7) PIP 5-kinase (Dr. Xavier Zarza, Ing. Ringo van Wijk)
Salt- and heat stress trigger the formation of the signalling lipid, phosphatidylinositol 4,5-bisphosphate (PIP2). In Arabidopsis seedlings, this occurs within minutes of stress application. We know that this PIP2 is synthesised at the plasma membrane through phosphorylation of phosphatidylinositol 4-monophosphate (PI4P) by the enzyme, PIP 5-kinase (PIP5K). Arabidopsis contains 11 PIP5K genes. Using T-DNA insertion knock-out (KO) mutants, we have identified three PIP5Ks responsible for the salt stress-triggered PIP2, and two for heat stress response, for which triple- and double-KO mutants, have been generated, respectievly, which are devoid of any salt- or heat-activated PIP2. Currently, these mutants are being characterized and phenotyped for their development and stress responses using genetically encoded -lipid biosensor lines against DAG, PA, PI4P and PI(4,5)P2, and various additional PIP5K mutant lines (i.e. tagged, FP-fused, phosphomimetics, kinase-death).

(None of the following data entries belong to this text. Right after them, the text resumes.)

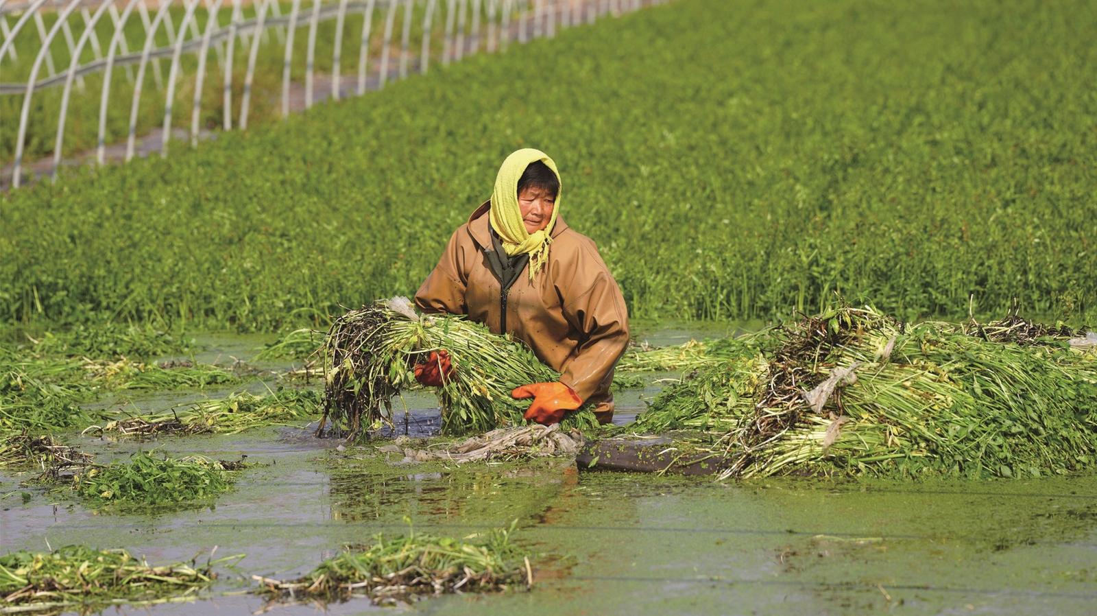 昨天,海安市墩头镇长垎村,菜农正忙着采收大棚模式种植的水芹菜,供应市场。近年来,墩头镇大力发展生态水芹种植,通过优化品种和栽培模式,实现一年多季种植,有效提高了种植户的经济效益。 通讯员周强
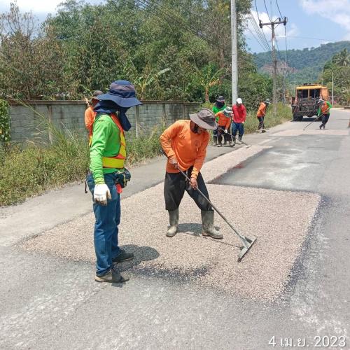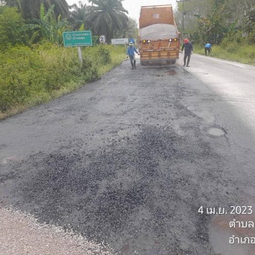 สำนักช่าง อบจ.สงขลา นำเครื่องจักรกลออกปฏิบัติงานซ่อมลาดยางถนน สายบ้านนาแสน-บ้านฉลุง ต.ทุ่งตำเสา อ.หาดใหญ่
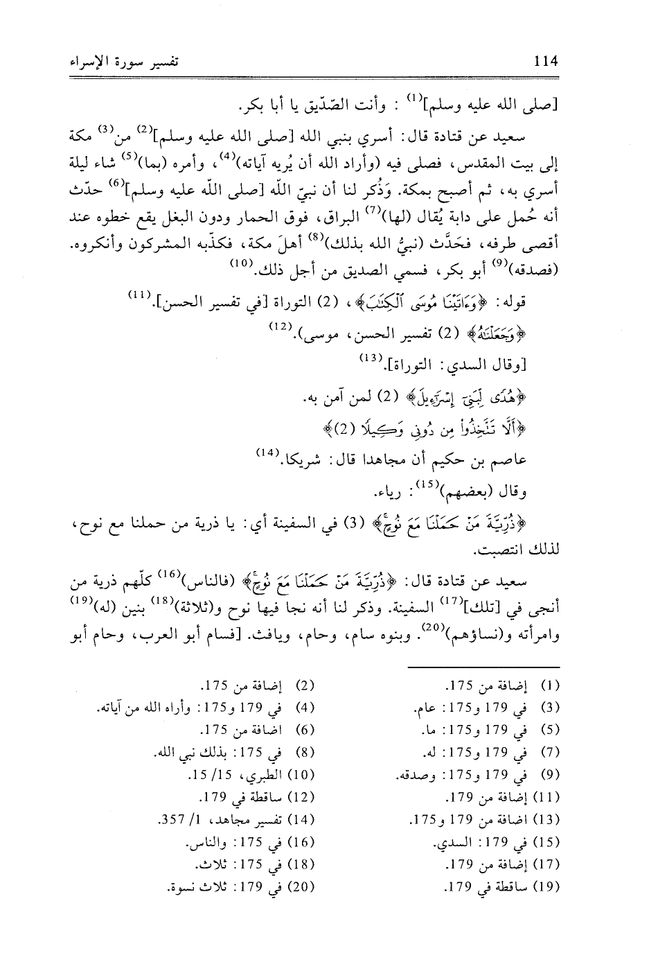 قَوْلُهُ: {وَآتَيْنَا مُوسَى الْكِتَابَ} [الإسراء: 2] ، التَّوْرَاةَ فِي تَفْسِيرِ الْحَسَنِ.
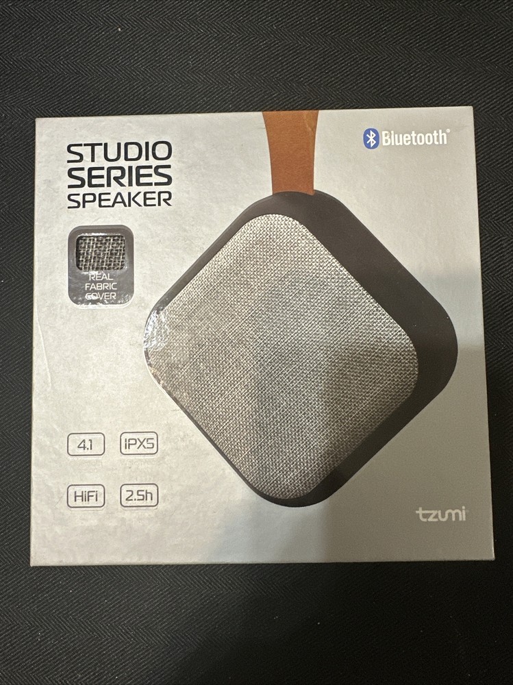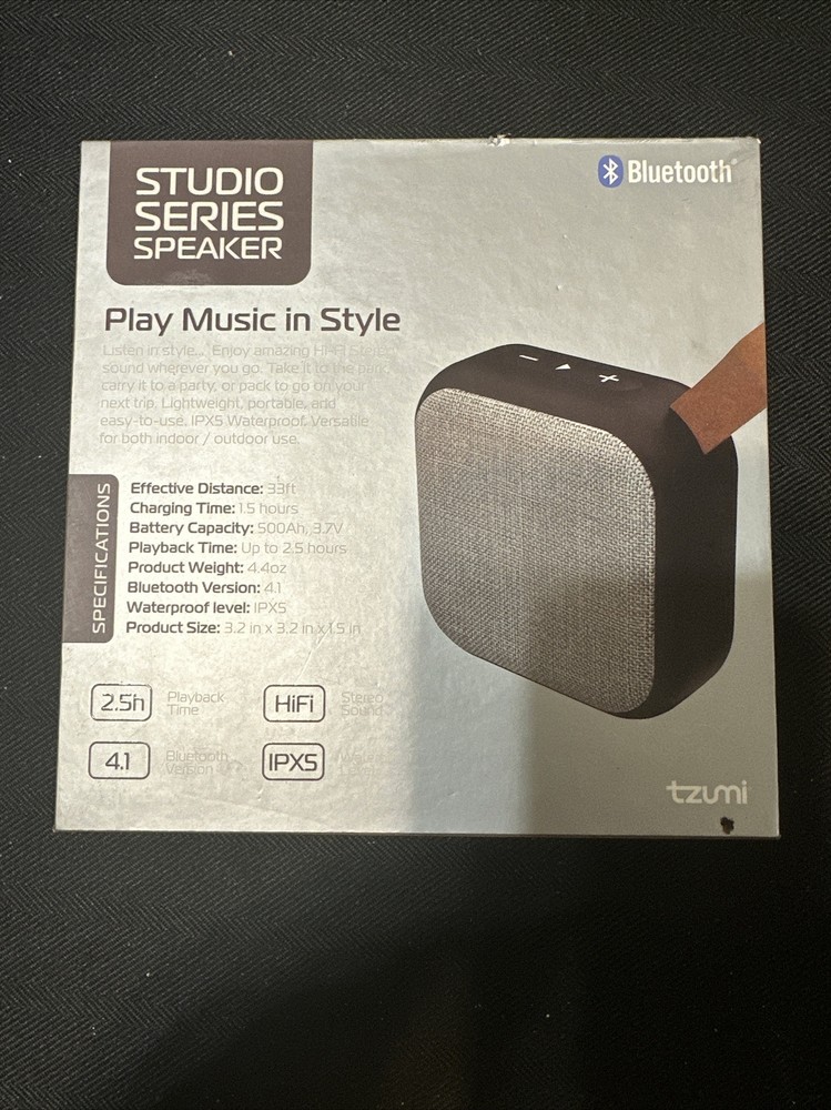 New never used. Open box This TZUMI studio series speaker is the perfect addition to your portable audio collection. With wireless Bluetooth connectivity and a carrying strap, this compact speaker is ideal for on-the-go listening. The 3in square shape and gray fabric material make it a stylish choice for any music lover. The speaker features a 500ah battery capacity, making it long-lasting and reliable. The compatibility with tzumi brand and model 4.1, along with its lightweight size of 4.4 ounces, make it easy to take with you wherever you go. This portable speaker system is a must-have for anyone who loves to listen to music on the move.
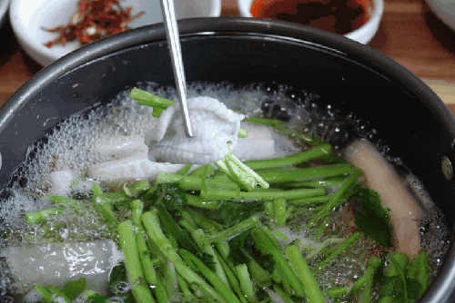 익힌 미나리와 함께 집어서 고추냉이 간장에 살짝만 찍어 드시면 천상의 맛!! 사천상견례 장소로 왜 인기가 있나했는데.. 복어요리는 중간중간 재미있는 이야기가 많네요. 국물도 있고 단백하고... 갈수록 국물은 점점 맛있어진답니다 ㅎㅎ 복국이 진국되는 순간!!

8) Protein targets for PIP2 (Dr. Femke de Jong)
Within minutes, plant cells respond to heat- or osmotic stress with a dramatic increase in the production of the minor signalling lipid, phosphatidyl 4,5-bisphosphate (PIP2). While this response has always been considered to reflect its role as precursor in phospholipase C signalling, recent data from yeast and mammalian studies indicate that the lipid itself can function as a signalling molecule. In this scenario, PIP2 binds target proteins via specific domains with dramatic consequences for their biological activity, because binding induces changes in location and/or conformation. While several PIP2-binding proteins have been described for yeast and animal systems, none have been characterized for plants, while many potential homologues in plant genomic databases can be observed. This project aims to identify and characterise PIP2 targets that are involved in the early heat- and /or osmotic-stress response of the model plant system, Arabidopsis thaliana.
A PIP2-affinity chromatography approach coupled to mass spectrometry will be applied to map the first plant PIP2-interactome. This collection will include proteins that bind PIP2 directly but also proteins that bind indirectly, being part of the complex that binds PIP2. A number of them will be selected for further anaylsis to identify and biochemically characterize the first genuine plant PIP2 targets. Selection will be based on candidates showing increased expression or affinity as a result of stress, on exhibiting known or suspected lipid-binding domains, and by data-base mining for stress-related phenomena (e.g. function). For a few candidates, cDNAs will be cloned, expressed as GST-fusions in E. coli and tested for their lipid-binding capacity. Those specific for PI(4,5)P2 (top 5) will be characterised for their biochemical activity in vitro (GST) and subcellular localization in planta (GFP), before and after stress. To functionally characterize their role in salt-, drought- and thermo tolerance, Arabidopis over-expression and knock-out mutants will be generated (top 3). To identify potential transcriptional networks downstream, RNA-Seq analyses will be performed before and after stress. This study should identify signalling pathways and enzyme activities that play a potential role in heat- and osmotic-stress tolerance, and establish a new mode of action for lipid signalling in plants.